Language the Compiler is Written in Doesn’t Matter

CPython is written in C, then compiled to machine-code. The machine code executable then runs and interprets the python source code.

PyPy is written Python (not actually but close enough for our discussion) and produces a machine-code executable. The executable then runs and interprets the source code.

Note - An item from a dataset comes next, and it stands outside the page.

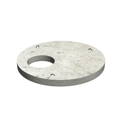 Наличие отверстия для люка. Оно может располагаться по центру или в боковых участках бетонной плиты. Отверстия бывают разных форм: круглые, квадратные, прямоугольные. Также возможно наличие двух отверстий вместо одного. Если техническое обслуживание колодца не предусматривается, отверстие может и вовсе отсутствовать.

Do you see a difference? The language the compiler is written in doesn’t matter because the compiler is the product. Sure, it might take you a minute to compile CPython and 10 minutes for PyPy but that doesn’t matter during runtime.

Runtime Differences

The difference in performance comes during runtime. CPython reads python source and produces byte code. This is just a form that’s more easily parsed by the runtime. Code is parsed into an Abstract Syntax Tree, functions are references, constants can be inlined, etc. It’s a very light layer of processing. After this, the source code is interpreted as the user executes programs.

PyPy also produces byte code. The difference is a Just-In-Time (JIT) compiler. During runtime, it’s continually analyzing access patterns and optimizing. Maybe there’s a conditional that’s always being called and can be speed up with inlining, to reduce accesses (I don’t really know compiler theory, bear with me). The gist is that it’s using source code + runtime data to determine optimizations.